Reputation: 1479
I am currently taking a class in R programming and was playing around with the following example function for caching the result of a potentially time consuming operation. More context on its purpose can be found on github:
makeVector <- function(x = numeric()) {
m <- NULL
set <- function(y) {
x <<- y
m <<- NULL
}
get <- function() {
return(x)
}
getmean <- function() {
if(!is.null(m)) {
m <<- mean(x)
}
return(m)
}
list(set = set, get = get,
getmean = getmean)
}
I stumbled upon the following strange behaviour:
When I use a temporary vector to initialize the cached vector and delete it before the cached vector object first accesses it, the cached vector forgets its contents. It throws an error when I try to access it using get()
(I print only the length for less output):
> v<-1:1e6
> cv<-makeVector(v)
> rm(v)
> length(cv$get())
Error in cv$get() : object 'v' not found
Watching the memory usage using library("pryr")
tells me that memory is allocated for the creation of the vector v
, but not for cv
(at least not enough to store v
in it). This amount is freed when rm(v)
is called. So there is really no accessible information on the vector's content anymore.
Now I do the same thing but I access the cached vector's contents before removing v
. This makes it accessible even after v
is removed.
> v<-1:1e6
> cv<-makeVector(v)
> length(cv$get())
[1] 1000000
> rm(v)
> length(cv$get())
[1] 1000000
Memory profiling suggests, that R does not copy the vector when accessing it (no significant increase in memory usage when calling length(cv$get())

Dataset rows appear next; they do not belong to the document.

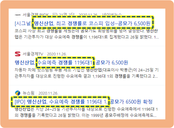 상장 전, 명신산업의 경쟁률 및 공모가
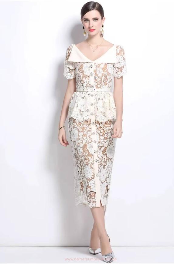 I Linie Kurzarm Standesamt Brautkleid Gunda Wadenlang aus Spitze Elfenbein
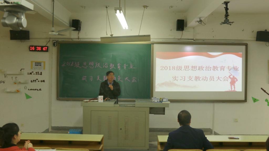 2018级实习支教动员大会于砺志楼225召开,院长陈再生教授、思想政治教育系主任景云教授出席了本次大会。
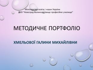 Методичне портфоліо. Хмельової Галини Михайлівни Міністерство освіти і науки України ДНЗ “Новоград-Волинське вище професійне училище”
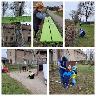 Aber auch am Spielplatz waren die Mitglieder des Vereins Mathias und Ulrike, sowie die Helfer Harald, Karin, Sarah, Janett und Ron fleißig beim Einsatz für die Jüngsten von Neichen. Der Spielplatz wurde auf Vordermann gebracht, damit die Kinder wieder viel Freude beim Spielen haben. Es wurde die Fußballwand erneuert, die Sandflächen vom Unkraut und Laub befreit, der Schwebebalken neu gestrichen und auch das Schild „Spielplatz Neichen“ wurde erneuert. Ebenso wurde ein Zaun angebracht. Unser Dank gilt daher auch Andreas Böthgen, der nicht nur den Zaun gesponsort hat, sondern auch am Samstag zusammen mit Marcel die Vorbereitungen dafür getroffen hat.
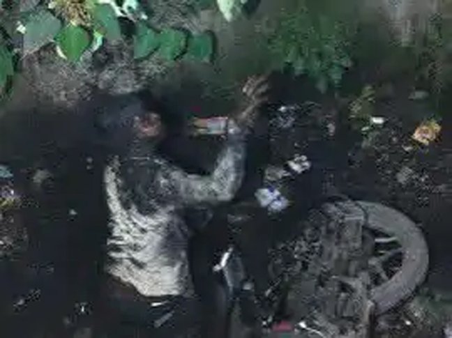 कोरबा में युवक बाइक समेत खुले नाले में गिरा:दलदल में फंसा रहा, स्थानीय लोगों ने रेस्क्यू कर निकाला, निगम पर आक्रोश
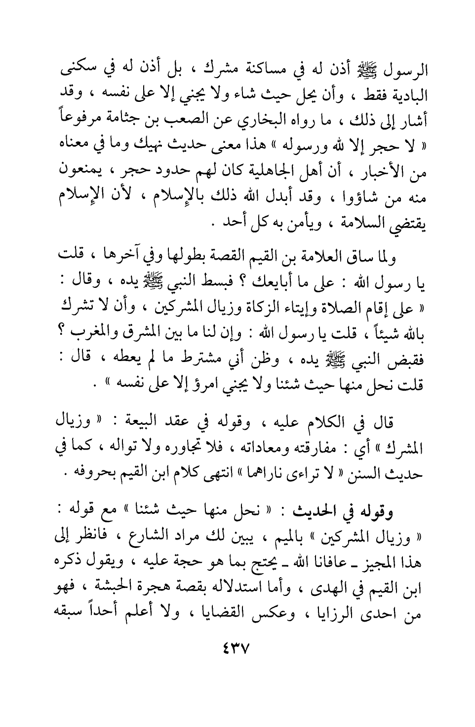 قال في الكلام عليه، وقوله في عقد البيعة: " وزيال المشرك " 3 أي: مفارقته ومعاداته، فلا تجاوره ولا تواله، كما في حديث السنن " لا تراءى ناراهما " 4 انتهى كلام ابن القيم بحروفه.

). But the memory is not freed when removing v
. So R now has the awareness that the contents of the vector are still in use and the memory is not deallocated. Accessing it still works after v
is removed. Removing the cached vector (rm(cv)
) will free the memory.
Here is an example case where recycling temporary variables (which I might want to do in a loop) leads to wrong data being stored without a warning:
> v<-1:10
> cv1<-makeVector(v)
> v<-51:60
> cv2<-makeVector(v)
> cv1$get()
[1] 51 52 53 54 55 56 57 58 59 60
> cv2$get()
[1] 51 52 53 54 55 56 57 58 59 60
Note that I get the expected result when accessing the member variable before reinitializing v
:
> v<-1:10
> cv1<-makeVector(v)
> cv1$get()
[1] 1 2 3 4 5 6 7 8 9 10
> v<-51:60
> cv2<-makeVector(v)
> cv1$get()
[1] 1 2 3 4 5 6 7 8 9 10
> cv2$get()
[1] 51 52 53 54 55 56 57 58 59 60
Is this behaviour intended or is this a bug in R? Or is this simply undefined behaviour (because it is not mentioned in the standard) and this kind of caching is more like a dirty hack that I should never use?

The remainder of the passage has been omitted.